■ **REQUIRED WORK**:
Take the lines from the one with "小宅 旺篤さんを姓名の画数から五運を鑑定" through the last line of the material below and write them out exactly, without any pictures.

■ **DATASET SECTION**:
>>>
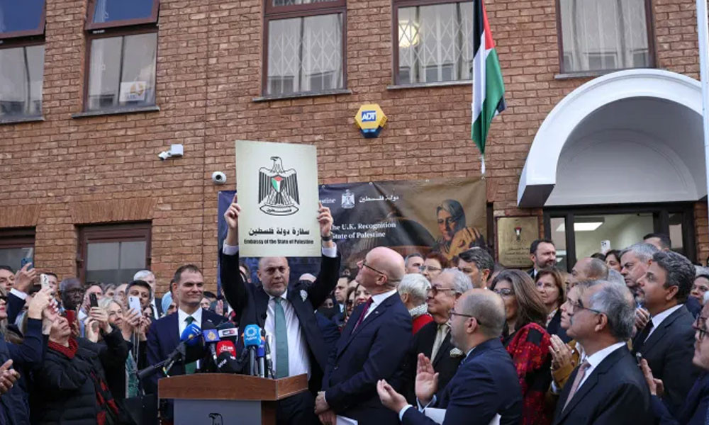 ব্রিটিশ প্রধানমন্ত্রী কেয়ার স্টারমার ফিলিস্তিন রাষ্ট্রকে আনুষ্ঠানিক স্বীকৃতির ঘোষণা দেন। তিনি বলেন, ‘মধ্যপ্রাচ্যে ভয়াবহ পরিস্থিতির মধ্যেও আমরা শান্তি ও দ্বি-রাষ্ট্রীয় সমাধানের সম্ভাবনা টিকিয়ে রাখার চেষ্টা করছি।’ ব্রিটিশ এমপি শোকাট অ্যাডাম বলেন, পতাকা উত্তোলন ঐতিহাসিক ও আবেগঘন মুহূর্ত।
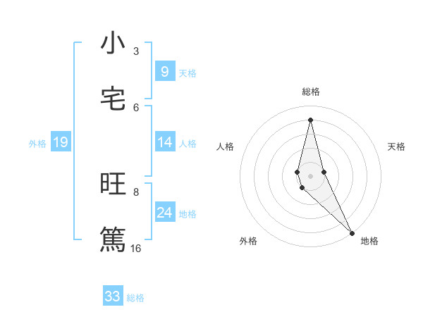 小宅 旺篤さんを姓名の画数から五運を鑑定
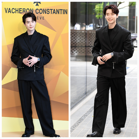 이종석은 재킷과 팬츠 모두 과하지 않은 오버핏 실루엣으로 트렌디한 감각을 드러냈으며, 간결한 블랙 톤에 메탈 디테일로 포인트를 더해 시계 브랜드의 포토월에 어울리는 세련된 포멀룩을 연출했다.
<<<
■ **TASK ANSWER**:
 小宅 旺篤さんを姓名の画数から五運を鑑定
 이종석은 재킷과 팬츠 모두 과하지 않은 오버핏 실루엣으로 트렌디한 감각을 드러냈으며, 간결한 블랙 톤에 메탈 디테일로 포인트를 더해 시계 브랜드의 포토월에 어울리는 세련된 포멀룩을 연출했다.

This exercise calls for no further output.